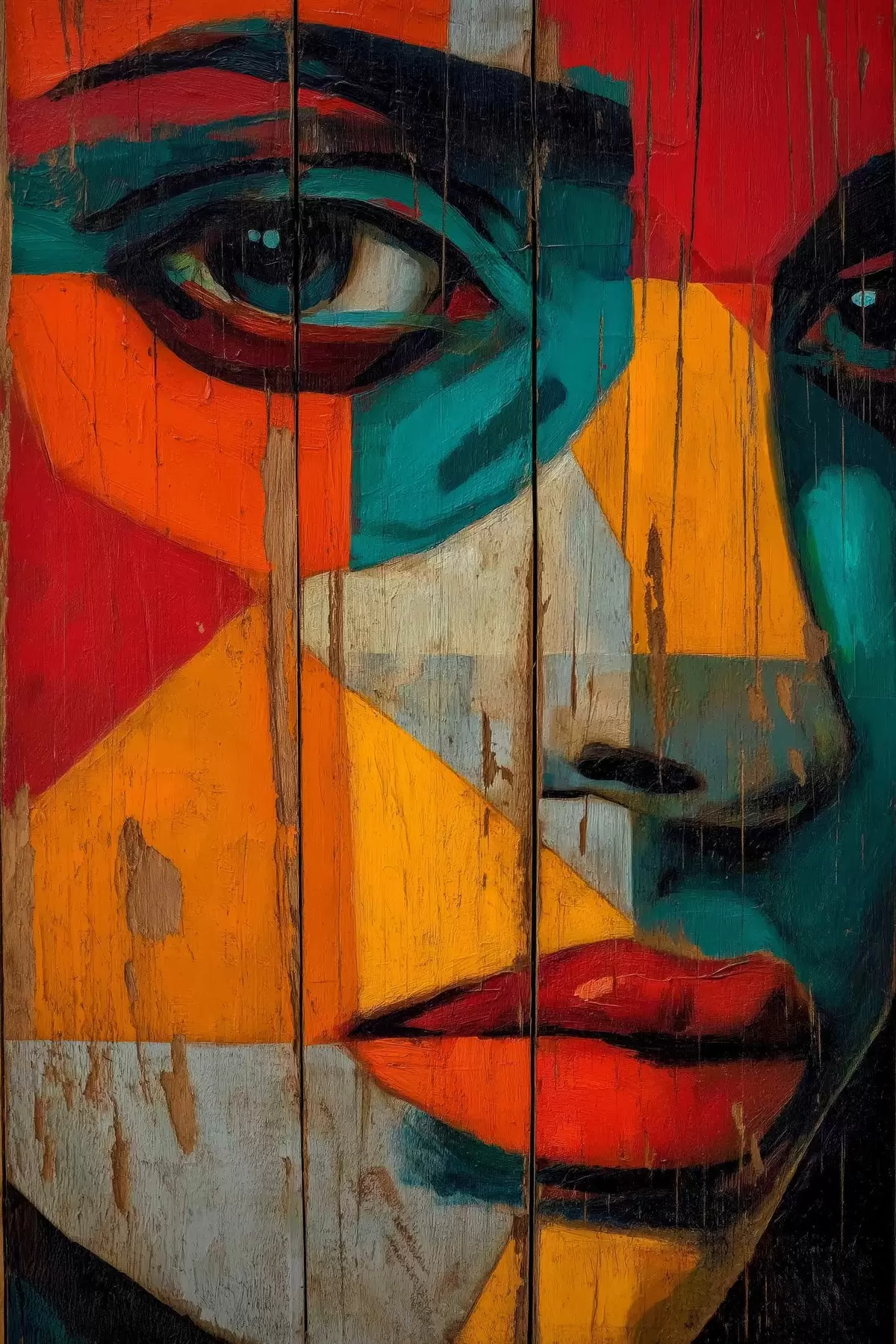 Plakat Ere geomeetriline näoportree puidust tahvlitel f46165
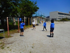 4限目の体育、グラウンドで自分で選択した種目の練習を行っていました。
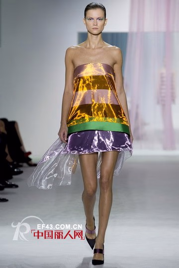 有光泽的面料,金属色印花,彩虹般的光芒,都劲情的呈现在2013春夏的T台上。例如:Alexander Wang,Louise Gray和Mulberry。大量的金属色光泽是2013春夏T台充满了魔力,当受到光线照射,色彩变得丰富,轻薄的面料漂浮在身体上发射出神秘的光芒。Burberry Prorsum和Jonathan Saunders走极简路线,线条简洁,经典廓形是成功的关键。博柏利-珀松 (Burberry Prorsum) 让彩虹色电光面料本身成为焦点,至于其它方面,仅仅保持品牌原有的简洁线条和经典廓形就足够。迪奥 (Dior) 让具有光泽感绿色、鹅黄色欧根纱因细节褶皱设计呈现出波光粼粼的视觉效果,灵动活泼。沉溺于最颓废的方式——亮光泽。虽然闪闪惹人爱,但是富有Disco精神的光感时装驾驭起来需要些功力,最好选择一款Diane von Furstenberg彩色亮片礼服搭配奢华的配饰,牛仔裤和匡威。尽量选择最闪亮的面料,配件应保持最小和样式时髦的款式。
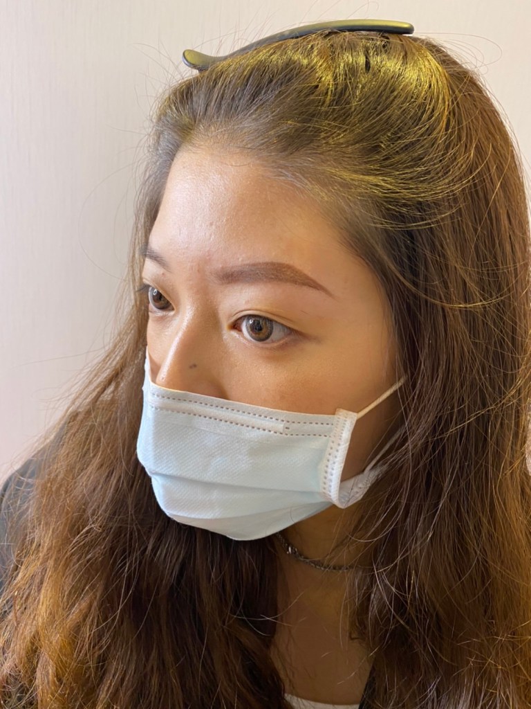 因為老師說我有一點點高低眉,兩邊眉峰不一樣高,所以來回幫我微調好多次,我又喜歡有一點角度的眉毛,不想要平眉眉行,所以跟老師溝通了一陣子,老師十分有耐心也很專業的幫我調整
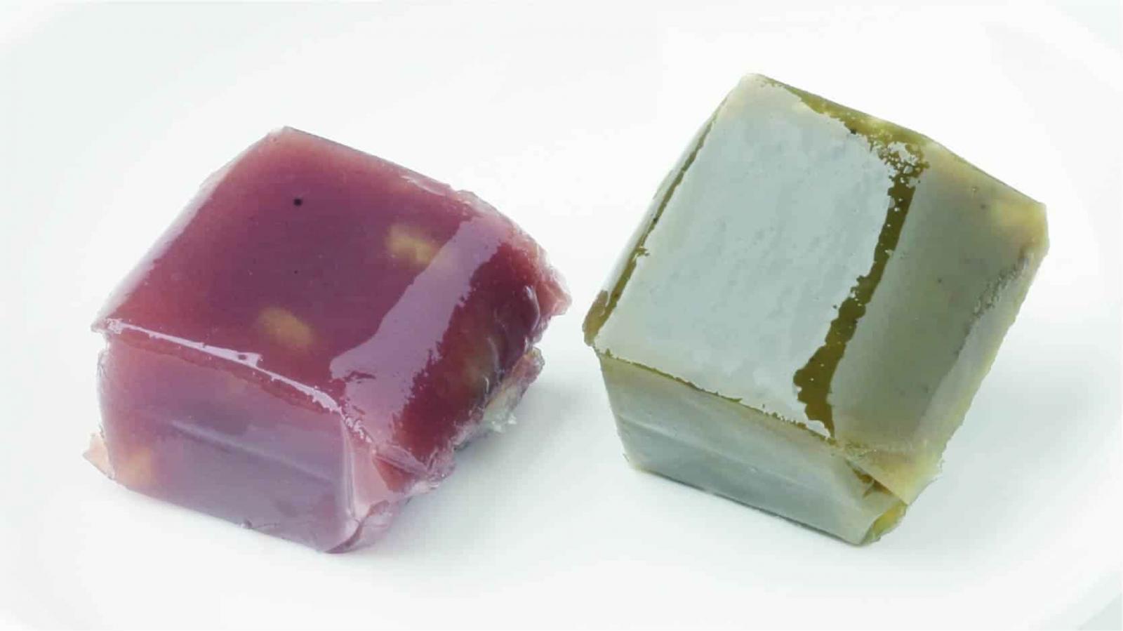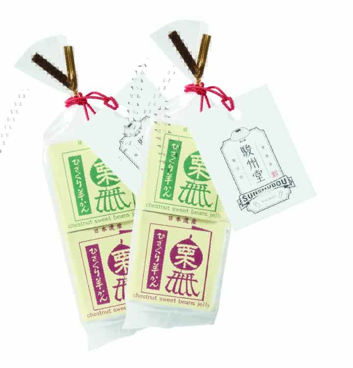 取自彌次先生與喜多先生的「東海道中膝栗毛」之名的栗子羊羹。在白色四季豆中添加靜岡茶葉製成綠色的羊羹,這是表現彌次先生的羊羹,和以紅豆製作茶色,表現喜多先生的羊羹,可以品嚐到2種味道。
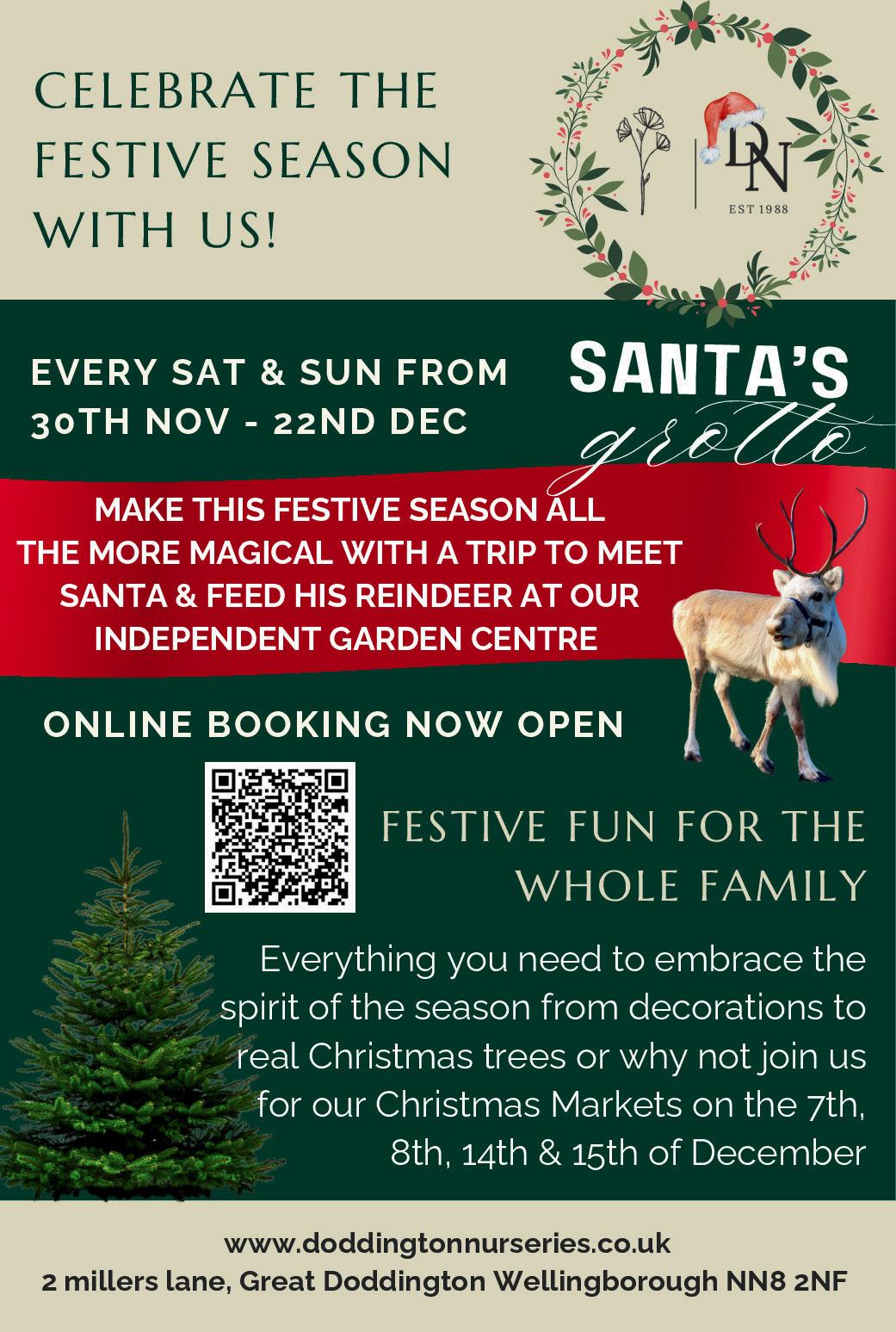 It’s nearing that magical time of year again and Doddington’s enchanting Santa’s Grotto is returning to this family-run independent garden centre near Wellingborough. Imagine the look on your little ones’ faces as they meet Santa, share their wishes, and receive a gift from the big man himself. It’s the perfect way to add some extra sparkle to your holiday season. This year you can also make a trip over to feed his reindeer too! Grotto tickets cost £12.50 per child and it will be open over four weekends leading up to Christmas, from 30th November right up until Sunday 22nd December. Early booking is recommended to reserve your ideal time slot!
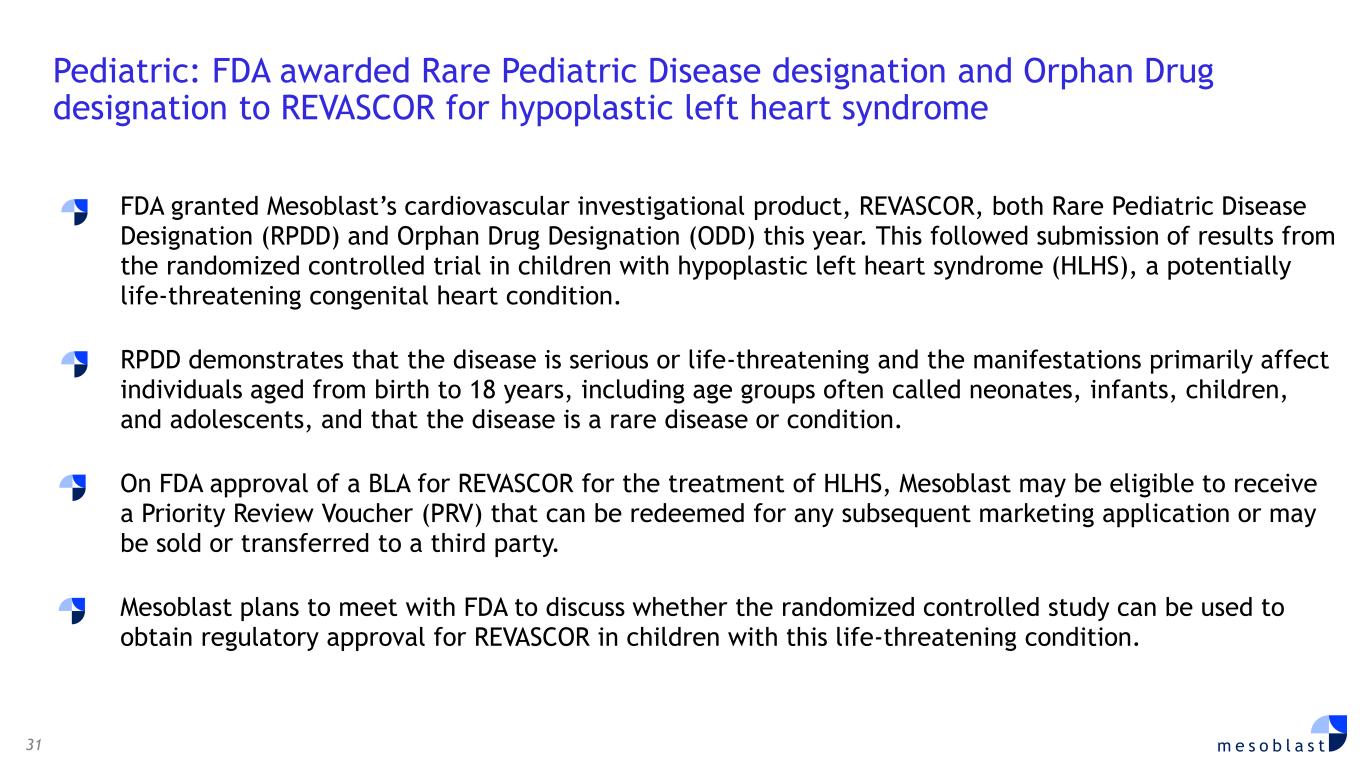 31 m e s o b l a s t FDA今年批准了Mesoblast的心血管研究产品REVASCOR,包括罕见儿科疾病指定(RPDD)和孤儿药指定(ODD)。在此之前,提交了儿童左心发育不全综合征(HLHS)的随机对照试验结果,这是一种可能危及生命的先天性心脏病。RPDD表明,这种疾病是严重的或危及生命的,表现主要影响从出生到18岁的个体,包括通常被称为新生儿、婴儿、儿童和青少年的年龄组,并且这种疾病是一种罕见的疾病或病症。在FDA批准用于治疗HLHS的REVASCOR的BLA后,Mesoblast可能有资格获得优先审查凭证(PRV),该凭证可用于赎回任何后续的上市申请,或可出售或转让给第三方。Mesoblast计划与FDA会面,讨论随机对照研究是否可用于获得监管机构批准REVASCOR用于患有这种危及生命的疾病的儿童。儿科:FDA授予REVASCOR治疗左心发育不全综合征的罕见儿科疾病认定和孤儿药认定

· · ·

Requirement
Exactly as they appear, please return only the lines from the first line of the records through the line containing "取自彌次先生與喜多先生的「東", both included, leaving out all pictures.

Problem solution
 Plakat Ere geomeetriline näoportree puidust tahvlitel f46165
 4限目の体育、グラウンドで自分で選択した種目の練習を行っていました。
 有光泽的面料,金属色印花,彩虹般的光芒,都劲情的呈现在2013春夏的T台上。例如:Alexander Wang,Louise Gray和Mulberry。大量的金属色光泽是2013春夏T台充满了魔力,当受到光线照射,色彩变得丰富,轻薄的面料漂浮在身体上发射出神秘的光芒。Burberry Prorsum和Jonathan Saunders走极简路线,线条简洁,经典廓形是成功的关键。博柏利-珀松 (Burberry Prorsum) 让彩虹色电光面料本身成为焦点,至于其它方面,仅仅保持品牌原有的简洁线条和经典廓形就足够。迪奥 (Dior) 让具有光泽感绿色、鹅黄色欧根纱因细节褶皱设计呈现出波光粼粼的视觉效果,灵动活泼。沉溺于最颓废的方式——亮光泽。虽然闪闪惹人爱,但是富有Disco精神的光感时装驾驭起来需要些功力,最好选择一款Diane von Furstenberg彩色亮片礼服搭配奢华的配饰,牛仔裤和匡威。尽量选择最闪亮的面料,配件应保持最小和样式时髦的款式。
 因為老師說我有一點點高低眉,兩邊眉峰不一樣高,所以來回幫我微調好多次,我又喜歡有一點角度的眉毛,不想要平眉眉行,所以跟老師溝通了一陣子,老師十分有耐心也很專業的幫我調整
 取自彌次先生與喜多先生的「東海道中膝栗毛」之名的栗子羊羹。在白色四季豆中添加靜岡茶葉製成綠色的羊羹,這是表現彌次先生的羊羹,和以紅豆製作茶色,表現喜多先生的羊羹,可以品嚐到2種味道。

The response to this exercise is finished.